Je n’ai pu suivre M. Lucas Collins dans tous les détails de sa biographie de Butler. Il s’y trouve plus d’un trait que je voudrais avoir le loisir de rapporter pour bien faire connaître le caractère de notre philosophe. La modestie, le désintéressement, autant que l’une et l’autre de ces vertus sont permises dans certaines conditions, semblent avoir été ses deux qualités dominantes. En 1747, il refusait archevêché de Cantorbéry par pure défiance de ses forces et se brouillait ainsi avec sa famille, qui s’étant enrichie dans le commerce, considérait cette nomination comme une bonne affaire et ne comprenait rien à ses scrupules. Sa bonté, sa bienfaisance étaient celles d’un évêque digne de ce nom, et s’il avait conservé jusqu’à la fin le goût de bâtir, il n’en menait pas moins la vie la plus simple. Un peu de mélancolie habituelle, quelques bizarreries l’exposèrent parfois, autant que la sévérité de ses doctrines, aux railleries de ses contemporains les plus spirituels, comme Bolingbroke et Horace Walpole, Mais je ne sache pas que ce soit pour un philosophe une mauvaise note que d’encourir cette sorte de disgrâce.

Butler a peu écrit, et nous n’avons à nous occuper que de l’Analogie et des Sermons prononcés à la chapelle des Archives.

L’analogie de la religion naturelle et de la religion révélée avec la constitution et le cours de la nature[1] est, comme le titre l’indique, une apologie de la religion sous ses deux formes. Cette apologie a paru longtemps difficile à réfuter ; du moins n’a-t-elle pas soulevé d’abord de critiques sérieuses ; de notre temps, au contraire, elle est attaquée à la fois par les adversaires et les partisans de la religion, comme voulant à la fois trop et trop peu prouver. Il est aisé de comprendre ce double reproche, quand on sait que Butler se propose seulement d’arriver à cette modeste conclusion : « Il n’est pas évident qu’il n’y a rien dans la religion révélée, » et à plus forte raison dans la religion naturelle. C’est là, selon lui, tout ce qu’on doit attendre du raisonnement par analogie dont il se sert, et c’est assez ; car, dans le doute où l’on s’arrête, mille raisons morales interviennent pour nous décider à pratiquer nos devoirs religieux. Pascal avait dit, mais à sa manière, quelque chose de semblable.

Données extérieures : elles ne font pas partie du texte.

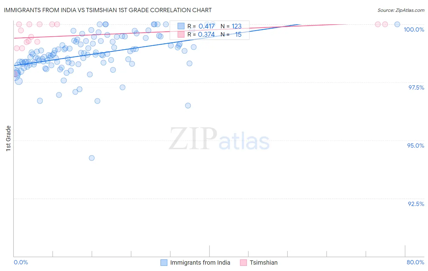 Immigrants from India vs Tsimshian 1st Grade Correlation Chart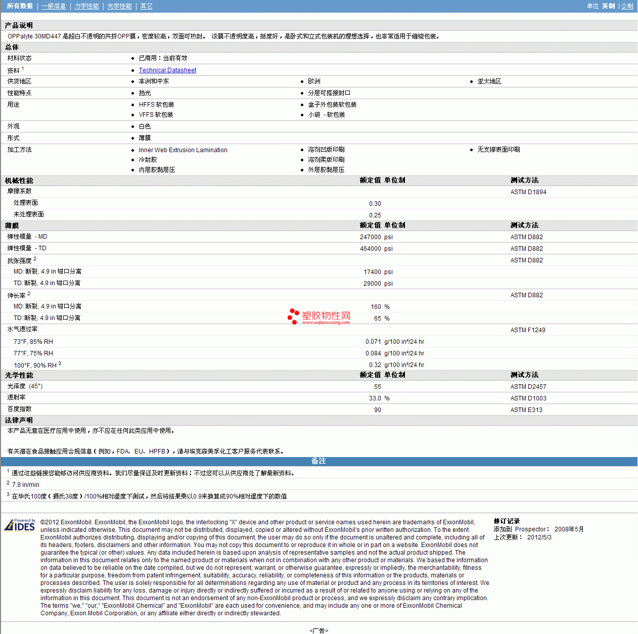 更多Oppalyte AES 30MD447 物性表报价,图片、材质证明、UL黄卡、物质安全资料表(MSDS)等,最新行情报价等可来电咨询赵先生:13424755533 或QQ:27660005

Quel est le raisonnement par analogie qui conduit Butler à cette conclusion ? Il en avait trouvé la première idée dans un passage curieux d’Origène : « Si l’on croit que l’Écriture sainte procède de Celui qui est l’auteur de la nature, on doit s’attendre à trouver dans ce livre les

  1. L’analogie, etc., a été traduite en français (1821) sous ce titre : Traité de l’analogie de la nature et de la religion.